I hope you are documenting everything. I'm not sure the laws in Illinois, but I know in Virginia if they make repeated attempts to fix something within the first 18 months and are unsuccessful the Lemon Law starts to kick in. It's a brand new car and they should be required to return the engine to brand new status with only 3K miles on it. Try calling the customer service number at GM Pontiac headquarters in Detroit 
(1-866-790-5600). Although I have not received a new engine yet, they have been very helpful and seem very concerned that the dealer is trying to repair and not replace. They want the problem fixed because any lawsuit comes to them and not the dealer you purchased your car from. Good Luck!! I just hope to get some answers on Friday when the cost estimate of the repairs is supposed to be complete


----------



## fast eddie (Sep 7, 2006)

thanks rookie, I'll be calling them shortly...


----------



## GTORookie (Jun 10, 2007)

Well after 2 weeks I finally got my GOAT back with a completely rebuilt engine. Everything seems to be running fine and it even seems to sound a little meaner. I believe the only thing they reused were the pistons and of course the block, atleast that's what they told me. I guess this was they're way of plessing me since they wouldn't provide me a new crate motor.

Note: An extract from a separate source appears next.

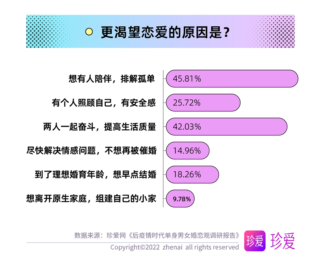 珍愛情感研究院院長張莎莎分析指出,在疫情這一特殊時期,獨自居家隔離、對疫情傳播風險的焦慮以及目睹很多行業(yè)受到?jīng)_擊等因素使得人們缺乏安全感,更加渴望戀愛。同時,張莎莎也表示,疫情之下,脫單其實也沒有想象中那么難,正如調研數(shù)據(jù)顯示,雖然線下社交受限,單身人群仍有很多交友的方式可以嘗試。當脫單進度受阻,人們難免會出現(xiàn)無力感以及焦慮、不安等情緒,遇到這種情況,大家可以通過固定作息時間、發(fā)展興趣愛好等調節(jié)情緒,也可以求助珍愛網(wǎng)等婚戀服務平臺,通過專業(yè)婚戀服務更精準、快速地找到合適的另一半。

On a side note, I have the red leather interior and it seems the mechanic got a little grease on my driver seat. What is the best stuff to use to get it out. I really don't feel like taking it back to the dealer for this as the two weeks without the GOAT was tough enough, I don't want to lose her for another day.


----------



## Red Bearded Goat (Mar 19, 2007)

Wow, that blows!! I have been in that same drivers seat before and can say its the fastest way to take that new car feel away from you. Sucks brother! Wish I'd read this one before today to provide you with some feed back from my experience, but looks like you had a good handle on the situation. :cheers 

In 00 my S-10 Extreme's 4.3L started to knock very loudly under hard acceleration with 3k on the clock. Running at highway speeds it wasn't too bad at first, but progressively got worse. I was working 200 miles from home and drove it like a whore back to the dealer I bought it from. I got a new engine after waiting a couple weeks. I had history with the service manager and the sales manager who sold me the truck was my next door neighbor, so there was no issue in what they were going to do for me. It's also in print (warranty booklet) what they can or cannot provide in replacement parts for a major powertrain failure. So, I'm at a loss that they didn't swap the engine out completely since its a bill back to GM for the warranty work. If done that way, GM takes the failed engine back in exchange for either a new or factory reconditioned engine and does a failure analysis to find out what went wrong in the manufacturing process so they can determine blame.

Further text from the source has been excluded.